It’s often excellent career capital

Top AI labs are high-performing, rapidly growing organisations. In general, one of the best ways to gain career capital is to go and work with any high-performing team — you can just learn a huge amount about getting stuff done. They also have excellent reputations more widely (AI is one of the world’s most sought-after fields right now, and the top labs are top for a reason). So you get the credential of saying you’ve worked in a leading lab, and you’ll also gain lots of dynamic, impressive connections. So even if we didn’t think the development of AI was a particularly pressing problem, they’d already seem good for career capital.

But you will also learn a huge amount about and make connections within AI in particular, and, in some roles, gain technical skills which could be much harder to learn elsewhere.

We think that, if you’re early in your career, this is probably the biggest effect of working for a leading AI lab, and the career capital is (generally) a more important consideration than the direct impact of the work. You’re probably not going to be having much impact at all, whether for good or for bad, when you’re just getting started.

However, your character is also shaped and built by the jobs you take, and matters a lot for your long-run impact, so is one of the components of career capital. Some experts we’ve spoken to warn against working at leading AI labs because you should always assume that you are psychologically affected by the environment you work in. That is, there’s a risk you change your mind without ever encountering an argument that you’d currently endorse (for example, you could end up thinking that it’s much less important to ensure that AI systems are safe, purely because that’s the view of people around you). Our impression is that leading labs are increasingly concerned about the risks, which makes this consideration less important — but we still think it should be taken into account in any decision you make. There are ways of mitigating this risk, which we’ll discuss later.

Of course, it’s important to compare working at an AI lab with other ways you might gain career capital. For example, to get into technical AI safety research, you may want to go do a PhD instead. Generally, the best option for career capital will depend on a number of factors, including the path you’re aiming for longer term and your personal fit for the options in front of you.

You might advance AI capabilities, which could be (really) harmful

We’d guess that, all else equal, we’d prefer that progress on AI capabilities was slower.

This is because it seems plausible that we could develop transformative AI fairly soon (potentially in the next few decades). This suggests that we could also build potentially dangerous AI systems fairly soon — and the sooner this occurs the less time society has to successfully mitigate the risks. As a broad rule of thumb, less time to mitigate risks seems likely to mean that the risks are higher overall.

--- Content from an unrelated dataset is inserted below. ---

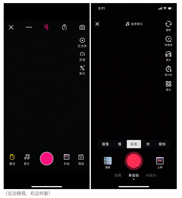 另外可以发现抖音在拍摄操作上,给了用户更多选择,结合音乐短视频的特点给了不同的节奏快慢选择,功能上仅贴定位,把用户拍摄有趣潮流的音乐视频的需求放第一位,反观微视,就有点像”美图秀秀“了。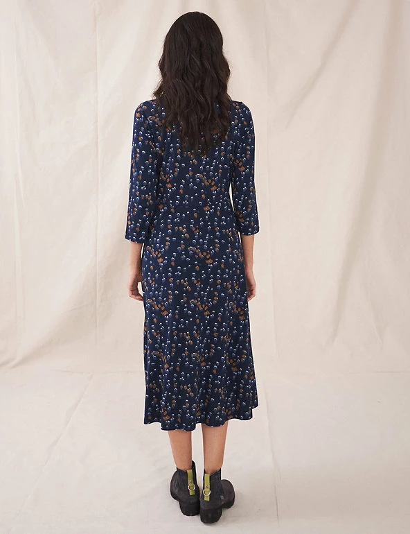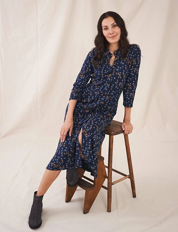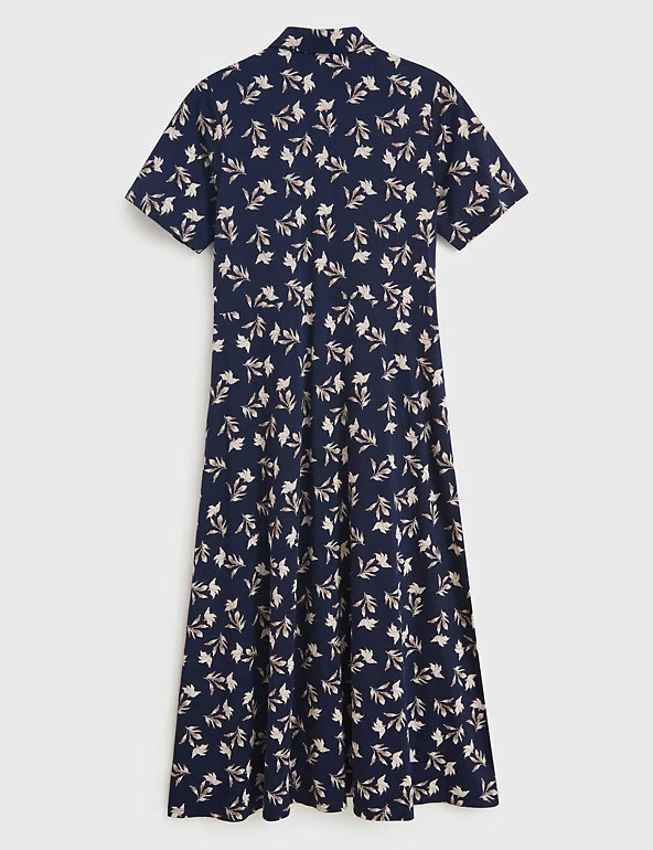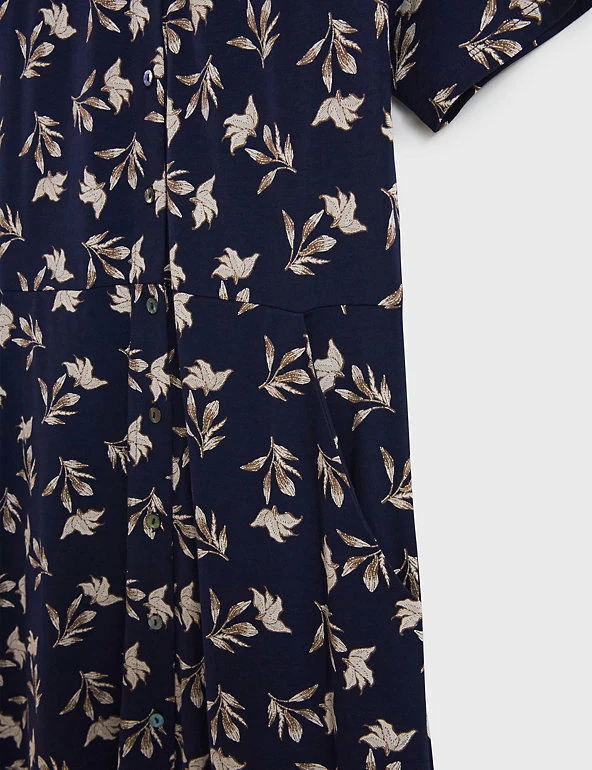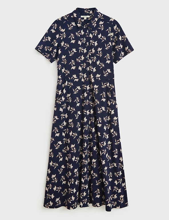Consider this cotton-blend dress by White Stuff your new smart-casual hero. This effortless midi shirt dress comes in a regular fit, with a swishy skirt and short sleeves. The button-through front and collared neckline lend a tailored touch, while the jersey fabric ensures comfortable all-day wear. It’s complete with an all-over leaf print.

But that’s not necessarily the case. There are reasons to think that advancing at least some kinds of AI capabilities could be beneficial. Here are a few:

This distinction between ‘capabilities’ research and ‘safety’ research is extremely fuzzy, and we have a somewhat poor track record of predicting which areas of research will be beneficial for safety work in the future. This suggests that work that advances some (and perhaps many) kinds of capabilities faster may be useful for reducing risks.
Moving faster could reduce the risk that AI projects that are less cautious than the existing ones can enter the field.
Lots of work that makes models more useful — and so could be classified as capabilities (for example, work to align existing large language models) — probably does so without increasing the risk of danger . This kind of work might allow us to use these models to reduce the risk overall, for example, through the kinds of defensive deployment discussed earlier.
It’s possible that the later we develop transformative AI, the faster (and therefore more dangerously) everything will play out, because other currently-constraining factors (like the amount of compute available in the world) could continue to grow independently of technical progress. Slowing down advances now could increase the rate of development in the future, when we’re much closer to being able to build transformative AI systems. This would give the world less time to conduct safety research with models that are very similar to ones we should be concerned about but which aren’t themselves dangerous. (When this is caused by a growth in the amount of compute, it’s often referred to as a hardware overhang.)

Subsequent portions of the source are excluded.